裴家夫郎(190)

2026-04-26

  没多久,裕儿打了个哈欠,还用手揉眼睛。

  长夏低头一看,笑着问道:“想睡觉?”

  裕儿哼唧了两声,就被横抱着轻轻拍打。

  他乖乖躺倒,揉眼睛的小手被长夏制止住,也就不揉了,闭上眼睛,一手抓着阿爹的手指,就乖乖睡了。

  裴曜削木头的动静本就不大,眼下又轻了一些。

  孩子睡着了,长夏起身,把孩子放在炕上,脱下小鞋子和外裤外裳,好让孩子睡得更舒坦点。

  刚给孩子盖好,打着伞的周婆子走到了门外。

  她朝屋里望一眼,见孩子睡在炕上,压低了声音问道:“夏哥儿,晌午要吃什么饭?”

  长夏想了下,说:“天冷,吃汤面吧。”

  “行。”周婆子应一声,往灶房走的脚步又顿住,再次问道:“菜呢?我看丝瓜和吊瓜都有,茄子只剩两根了,还是吃这些?”

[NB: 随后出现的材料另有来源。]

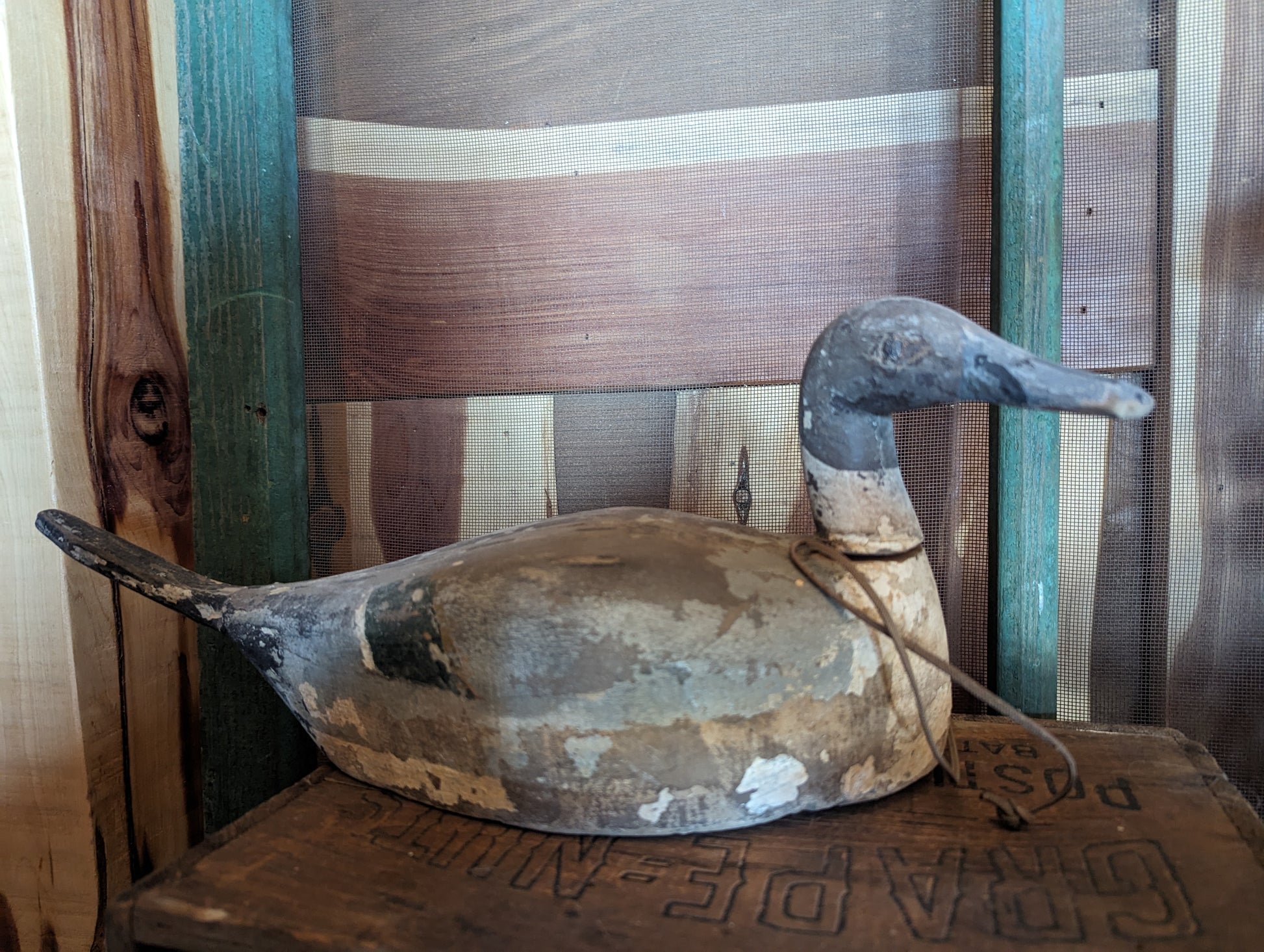 Antique Pintail Decoy has original paint with tack eyes. Balsa wood. Beak to tail 17 inches. Width 5 inches.
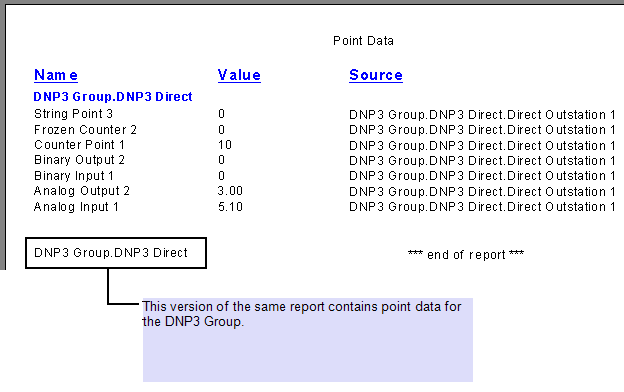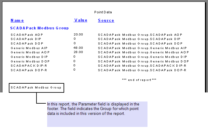 To enable Group selection in this way, the Parameter field that was added to the report references the ParentGroupName field within the CDBPoint table. The ParentGroupName field is the field that specifies the Group to which each point belongs.
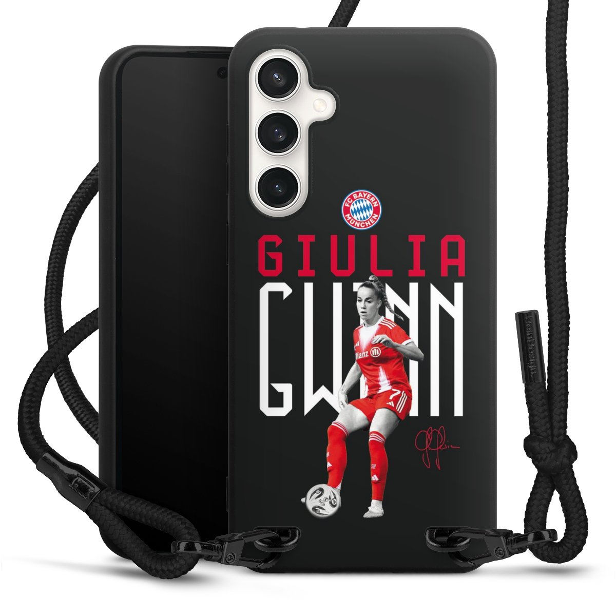The matt black silicone case is made of flexible TPU (thermoplastic polyurethane) and offers robust protection. The durable, unbreakable material makes the cover flexible and dimensionally stable at the same time. The matte surface makes your design stand out more and is less susceptible to fingerprints and dirt. The stylish trend accessory fits comfortably in the hand and is perfectly complemented by the fabric (polyester) mobile phone strap. The braided fabric strap is approx. 1.70 metres long with a diameter of approx. 0.5 cm. Due to the special knotting technique, the length of the strap can be adjusted by simply pulling it, so that you can adapt it individually to your wishes. The practical case to wear around your neck is available with the fabric strap in black. As a little icing on the cake, we have provided the strap with a chic metal fastener in matt black. The strap is securely fastened to the case with loops made of high-quality genuine leather and press studs. The ends of the fabric strap are covered with metallic end caps and thus protected from fraying.
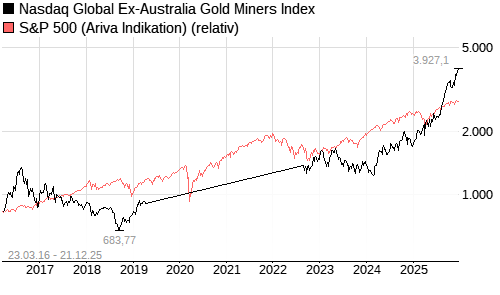 Nasdaq Global Ex-Australia Gold Miners Index / S&P 500 Vergleich
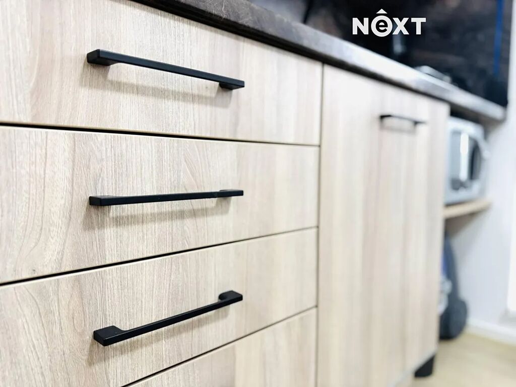Byt vás přivítá promyšlenou dispozicí a čistým designem. Ze vstupní chodby o velikosti 2,3 m² se vstupuje do koupelny se sprchovým koutem, toaletou a pračkou o výměře 3,5 m². Hlavní obytný prostor s kuchyňským koutem o velikosti 16,5 m² působí vzdušně a svěže – kuchyňská linka je vybavena vestavěnými spotřebiči, lednicí, mikrovlnnou troubou i elegantním černým dřezem.
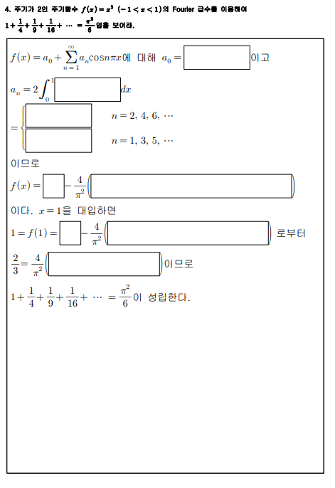 주기가 2인 주기함수에 대한 식을 Forier 급수를 이용하여 빈칸에 대한 답변을 작성하는 문제입니다. 빈칸에 대한 답변을 알고 싶은데 지식이 부족해 그러지 못하고 있습니다. 고견 알려주시면 배우겠습니다. 감사합니다.
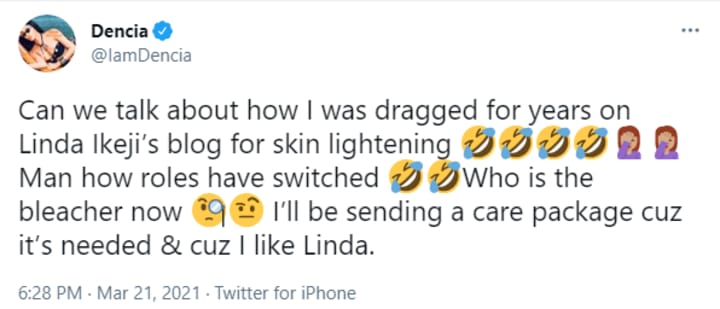 6 Years After Yabbing Her for Bleaching, Dencia Bashes Linda Ikeji for Doing Same.
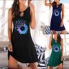 Women's Rose Flower Fake Two-piece Moon Printed Sleeveless Round Neck Dress Loose Soft and Comfortable Plus Size Dress

  “嗯,先吃完,不然放久了就不新鲜了。”长夏说着,转头看一眼裴曜,又说:“婶子,再炒几个鸡蛋。”

  裴曜爱吃肉,这两天没买肉,又下了雨,出门不方便,吃个炒蛋也行。

  “好。”周婆子撑着伞,就往灶房和面去了。

  周婆子是孟叔礼前几天托人寻来的,有做饭的手艺,这几天长夏吃她做的饭,觉得味道很不错。

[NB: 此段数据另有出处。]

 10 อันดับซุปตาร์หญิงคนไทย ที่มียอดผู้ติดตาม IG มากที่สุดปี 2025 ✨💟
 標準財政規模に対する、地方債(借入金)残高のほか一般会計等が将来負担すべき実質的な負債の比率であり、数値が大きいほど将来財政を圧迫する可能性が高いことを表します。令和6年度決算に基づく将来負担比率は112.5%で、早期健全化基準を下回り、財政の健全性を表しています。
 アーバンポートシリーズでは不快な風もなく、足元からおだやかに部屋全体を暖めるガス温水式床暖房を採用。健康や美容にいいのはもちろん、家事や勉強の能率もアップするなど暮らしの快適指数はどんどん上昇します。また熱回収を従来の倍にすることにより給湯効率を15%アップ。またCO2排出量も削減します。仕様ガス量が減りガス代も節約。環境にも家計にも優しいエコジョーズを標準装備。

  那天孟师父出门没和他俩商议,再回来,就带了个干活的婶子进门,别说他,裴曜也愣住。

  孟叔礼却不管他俩,只说以后就由周婆子来做饭洗衣。

  裴曜原本想多问两句,怎么突然想起雇个婆子。

  孟叔礼又说不止这几天,以后周婆子也会来洗衣做饭。

  长夏听着,一下子明白了,这样的话,即使他不在这里,裴曜和孟师父也有饭吃,不必去小酒馆小饭馆吃,衣裳也有人洗了,会方便许多。

  他之前就听隔壁赵老太太说过,曾经劝师父雇个婆子来拾掇扫洒。

  乡下多是雇长工短工来种地,寻常人家少有雇婆子的,在府城却常有。

  而且听赵老太太的意思,雇一个这样的婆子,工钱不算贵。

  像周婆子,一个月就二百文,好处是孟叔礼许诺一天管两顿饭,因她家就在府城,夜里不必管住,不过还是腾出来一间耳房供她歇息。

  那间耳房有一张床,曾经也住过婆子。

  当年孟耀出生,家里添了新丁,孟叔礼见老妻照顾孩子辛苦,就和其他有点小钱的人家一样,雇了个婆子洗衣做饭,老妻只管带孩子就行,旁的不用去操心,喊一声想吃什么,婆子就去做了。

  长夏带着孩子一来,又是洗衣又是做饭的,即使有他和裴曜帮着看孩子,想起曾经的日子,他手里又不缺钱,干脆就雇了个人,这样就算长夏和孩子回去了,他和裴曜也有人做饭吃。

  做饭好、人又干净的婆子其实没那么好找,一些婆子专干扫洒挑水洗衣的粗活,于做饭上不甚精通。

  因此像周婆子这样有一点手艺的,孟叔礼和其他人家一样,除了许诺一个月可以回家歇三天之外,和主家吃的是一样的饭菜,不必另做,荤腥也可以沾一些。

  周婆子干了这几天,觉得这家人还不错,工钱给的不多,但胜在各种杂活事情少,无论孟老头还是他徒弟徒夫郎,人都和气,处起来舒心,便决定干下去。

  她前几年在另一户人家做下人,也是小门小户,有一点小钱的人家而已。

  都是讨生活的,那家人却把下人当驴当马,工钱就那么点,从睁眼就要被使唤到夜里,什么脏活累活都喊她去做,稍微慢一点,那家的老夫郎就要骂半天。

  又没签卖身契,哪有这样挨欺负的,她忍耐了两月,实在挨不下去,就托人给自家男人捎口信,接了自己回去。

  灶房传来切菜的声音。

  来的时候想着要带孩子,还要做饭洗衣什么的,长夏没有带针线活,突然闲下来,他看了看屋里,打开衣箱整理。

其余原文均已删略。